The decision by Zambia and Uganda to regulate interconnection fees shows that Africa is adopting an international practice of fixed rates in order to protect consumers from exploitation by mobile service providers.
Since the coming of mobile communication in Africa over 15 years ago, mobile service providers have been left to decide their own interconnection rates, but this is changing as many African governments are now taking steps to regulate the fees.
Both the Zambian and Ugandan governments announced last week that they have embraced interconnection rates to protect consumers from high prices charged by mobile service providers.
Zambia Information and Communications Technology Authority (ZICTA) Acting Director Richard Mwanza said at a press briefing in Lusaka that the authority will within six months start regulating interconnection rates, now that it has the power to do so.
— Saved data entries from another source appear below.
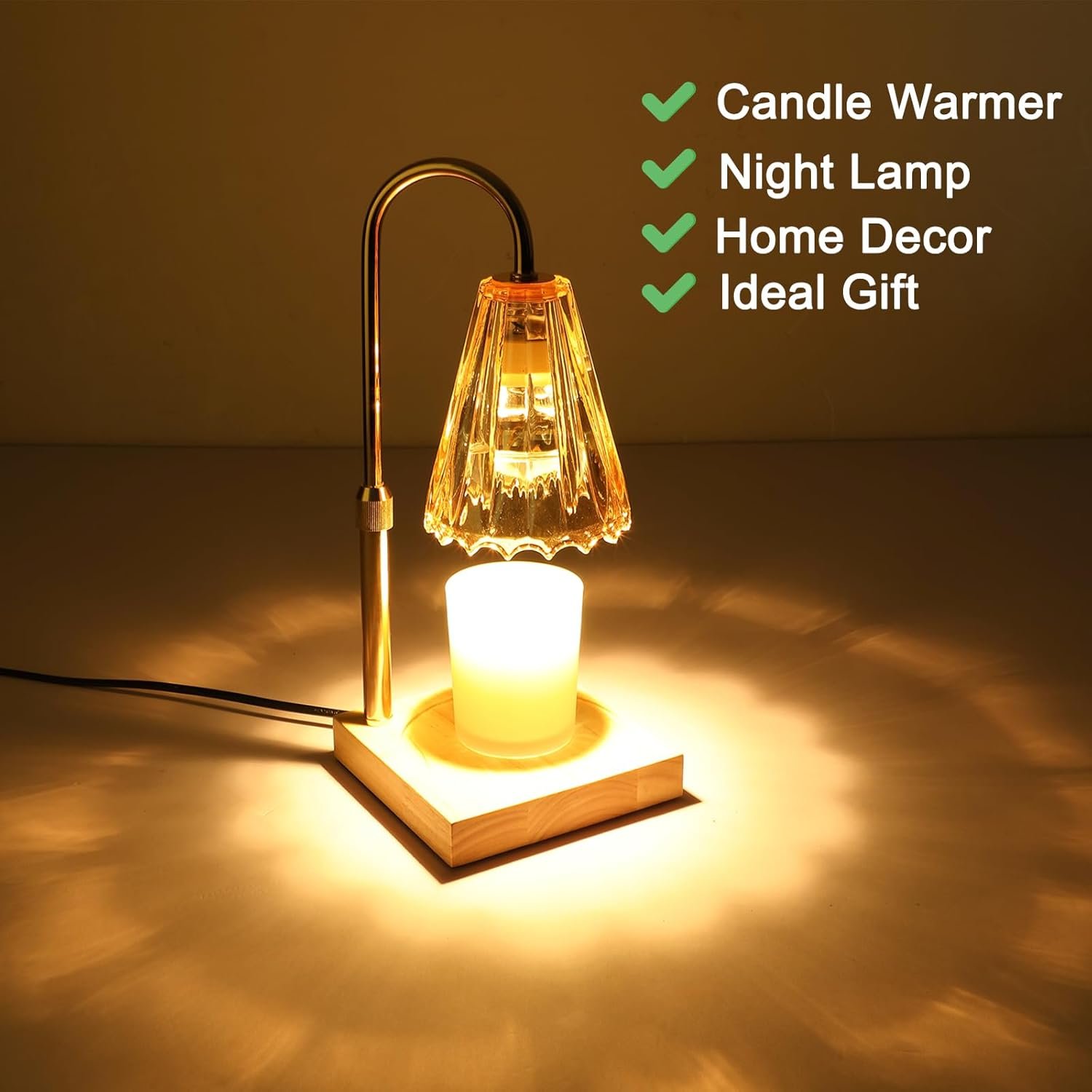The crown has a glass lampshade, which is very beautiful when the light is turned on Candle Warmer Lamp Adjustable HeightCandle Warmer Lamp Adjustable Height Adjustable Height Support Rod
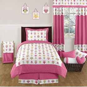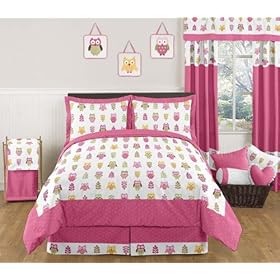 Pink Happy Owl Kids Bedding 4 pc Twin Set by JoJO Designs: Home & Kitchen
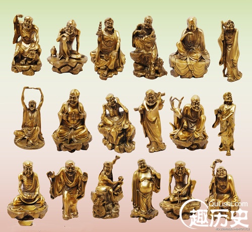 十八罗汉简介:十八罗汉是指佛教传说中十八位永住世间、护持正法的阿罗汉,由十六罗汉加二尊者而来。他们都是历史人物,均为释迦牟尼的弟子。十六罗汉主要流行于唐代,至唐末,开始出现十八罗汉,到宋代时,则盛行十八罗汉了。十八罗汉的出现;可能与中国文化中对十八的传统偏好有关。
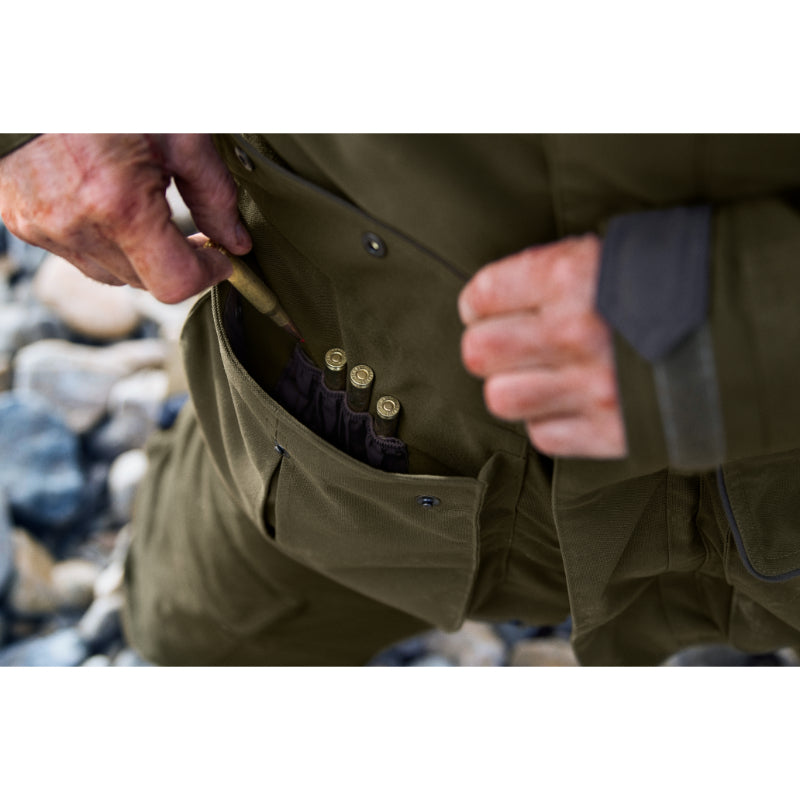 The Harkila Pro Hunter Endure Waterproof Jacket is an impressive update of the hugely popular Pro Hunter X. Traditionally styled for a smart, discreet look without compromising on functionality. Using highly breathable Airtech technology with a waterproof, windproof and breathable GORE-TEX membrane. Crafted from Durable Water-Resistant heavy canvas fabric with lightweight, durable Cordura reinforcement. Featuring a wired peak detachable hood, large waterproof cartridge pockets with drainage holes and side pockets behind, hand warmer pockets with retainer straps, radio pocket, two-way front zip, game pocket and a handy napoleon pocket. Innovative and dependable, a Pro Hunter suit will perform and withstand inclement weather for many years to come. Harkila offer a five-year warranty on the fabric, this suit is that good.

ZICTA now has powers to severely punish service providers whose interconnection rates have not been approved by the authority.
“Among other important functions, the law provides mandates for ZICTA to promote competition and development in the telecom sector,” Mwanza said.
Interconnection refers to the commercial arrangements under which service providers connect their equipment, networks and services to each other in order to allow their customers to access the networks of other service providers. When the new termination fees are finally implemented, African communications experts and consumers expect a drop in the call costs for end users.
Generally, subscribers in Africa face a lack of consistency in pricing as the interconnection rates are determined by service providers, all of which charge different rates. The argument now by African governments is that unregulated fees stifle competition, kill innovation , hold back penetration and prevent additional investment in the sector — and users get cheated as a result.
The move towards lower rates in many African countries has been gaining speed. The move by African governments to regulate interconnection rates also follows uncompetitive restrictions by incumbent operators who have been overcharging private operators using their networks.
“Communication should not be only for the rich to enjoy but also for the poor. The move by ZICTA will greatly benefit both the rich and the poor,” said Mwape Mwale, a Zambian consumer.
Meanwhile, Uganda Communications Commission (UCC) Executive Director Patrick Masambu has told all mobile service providers in the country that effective Jan. 1 the commission will step in to regulate interconnection rates. Masambu said sound interconnection conditions and pricing are a prerequisite for healthy competitive market.
South Africa, Southern Africa's largest telecom market, was the first to regulate interconnection rates two months ago after the Independent Communications Authority of South Africa (ICASA), which has oversight over the process, issued regulations on the interconnections.
As in South Africa, Uganda's move to regulate interconnection charges has been informed by a study that was undertaken by PriceHouseWaterCoopers London on behalf of UCC. Zambia, Uganda and South Africa follow in the steps of Nigeria, Kenya, Zimbabwe, Tanzania and Botswana in setting interconnection tariffs.